Quentin Tarantino wants to make animated ‘Kill Bill’ origin story

kill Bill Can’t be dead after all.

Quentin Tarantino’s iconic, two-part revenge thriller is not only returning to theaters as a single, uncut film, as the filmmaker initially intended, but the seven-and-a-half-minute “lost chapter” is also finally coming to life in animated form.

The action-packed visual titled “The Lost Chapter: Yuki’s Revenge” will be seen ahead of a limited theatrical release on November 30 in the wildly popular game Fortnite – known for its pop culture crossovers, from Eminem to Marvel to John Wick.

Although this scene was included in early drafts of kill Bill script (which you can still read online), Tarantino ultimately decided not to shoot it, citing budget and runtime concerns. But when Epic Games approached him about creating content for Fortnite to promote its Chapter Seven, premiering today, the director jumped at the opportunity to make it a success.

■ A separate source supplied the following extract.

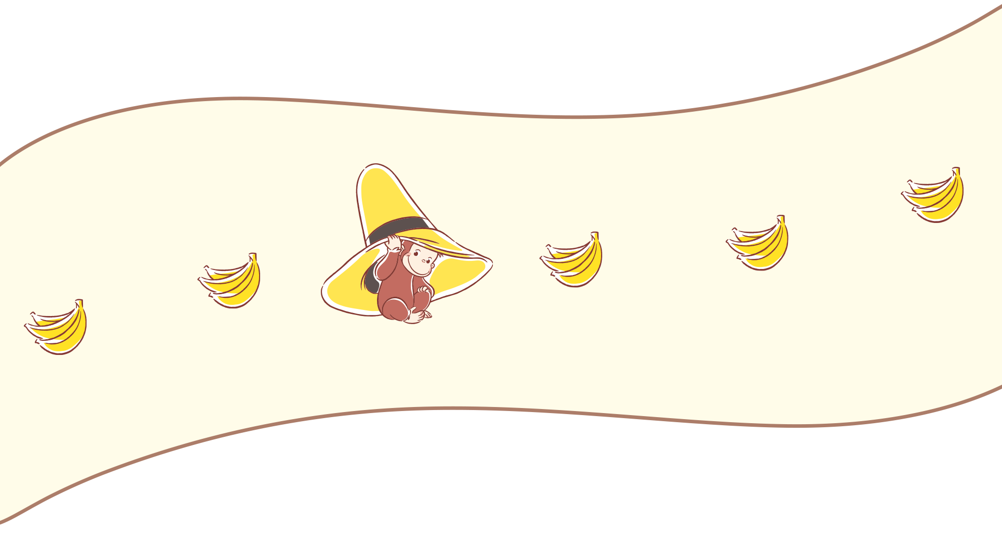 ジョージの大好物のバナナと黄色い帽子のセットアップ。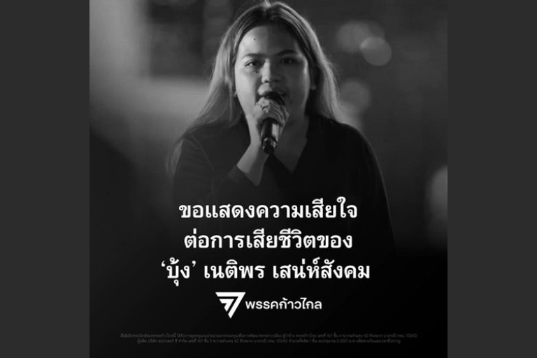 ล่าสุด ทางเพจเฟซบุ๊กของพรรคก้าวไกล ได้โพสต์ข้อความระบุว่า...พรรคก้าวไกลขอแสดงความเสียใจต่อการเสียชีวิตของคุณเนติพร เสน่ห์สังคม (บุ้ง) นักกิจกรรมทางการเมืองกลุ่มทะลุวัง

Uma Thurman also returned to reprise her starring role as Beatrix Kiddo, with the filmmakers using state-of-the-art motion capture technology and Epic Games’ Unreal Engine to render animation that mirrors her real-life facial expressions and movements.

And, it turns out, Tarantino had such a positive experience working with that style of animation that he’s now considering using it to revisit other as-yet-unrealized projects that have long been brewing in his mind.

Sitting with Thurman during a special screening of “Yuki’s Revenge” at Tarantino’s own Vista Theater in Los Angeles last week, the director teased two of those ideas.

“I have other things to do right now, but I have a lot kill Bill This idea came to my mind while we were doing it and then I was dropped from doing the film,” the director told the audience. “I like the idea of ​​Bill Mool. A story of Bill, about how Bill came to be and the three godfathers who created Bill: Esteban Vihayo, Pai Mei, and Hattori Hanzo. Will I live long enough to do this? That remains to be seen.”

Michael Parks, Gordon Liu and Sonny Chiba in ‘Kill Bill’.
Miramax (3)


Kill Bill Vol. 1 (2003), and Kill Bill Vol. 2 (2004) tell the epic vengeance tale of Thurman’s Kiddo, aka The Bride, one of six members of the Deadly Viper assassination squad, including their leader and her former lover, Bill (David Carradine). Although much of Bill’s history is shrouded in mystery, three of his former mentors appear throughout the films: Vihayo (Michael Parks), an elderly Mexican broker and father figure to Bill’s childhood; Pai Mei (Gordon Liu), a notorious and reclusive kung fu master; and Hanzo (Sonny Chiba), a renowned Japanese swordsman.

So far, these characters have been introduced through their interactions with Kiddo. If Tarantino decides to make his proposed animated origin story, it would give audiences the first glimpse of a young Bill’s transformation into the powerful gangland boss he later becomes. Although, of course, following Carradine’s death in 2009, the director would need to find another actor to play Bill. Tarantino himself voices the role in “Yuki’s Revenge”.

As if that wasn’t enough to get Tarantino fans excited, the writer teased another idea he’s had up his sleeve for a long time. When first asked if he could see himself working with animation and motion-capture again, he said, “I can see some world between this and Japanese anime that I can find some happy medium or, you know, between things I physically can’t do, like a Vega Brothers film, or something like that.”

The director is referring to his dream of making a prequel to his classic films, pulp Fiction And reservoir Dogswho will link the films together through the brothers Vincent Vega (played by John Travolta) pulp Fiction) and Vic Vega (played by Michael Madsen). reservoir Dogs,

“I don’t think I took it far enough for a story, but I had a foundation,” Tarantino told CinemaBlend in 2019. pulp FictionHe had just come back from Amsterdam, and he was telling the whole story?

Vincent Vega (John Travolta) and Jules Winnfield (Sam Jackson) in ‘Pulp Fiction’.
Miramax Films

“He was running some clubs for Marcellus,” the director continued, referring to the crime boss played by Ving Rhames. “And so, he was probably there for a few years. During his two-year stay in Amsterdam, running some clubs, Vic came to visit him. And it must have been his weekend. What actually happens to them or what trouble they get into, I didn’t push it that far.”

Tarantino never made the film, saying that Travolta and Madsen were too old to play the roles again, and that he would never consider using de-aging techniques. But now, after his experience animating “Yuki’s Revenge” with Thurman, the director gets the opportunity to revisit the idea – although, like Carradine, he’ll need to find another actor to play Vic since Madsen died earlier this year.

Yet, as the bride tells several of her former murderous colleagues kill BillLooks like Tarantino has some “unfinished business” to settle.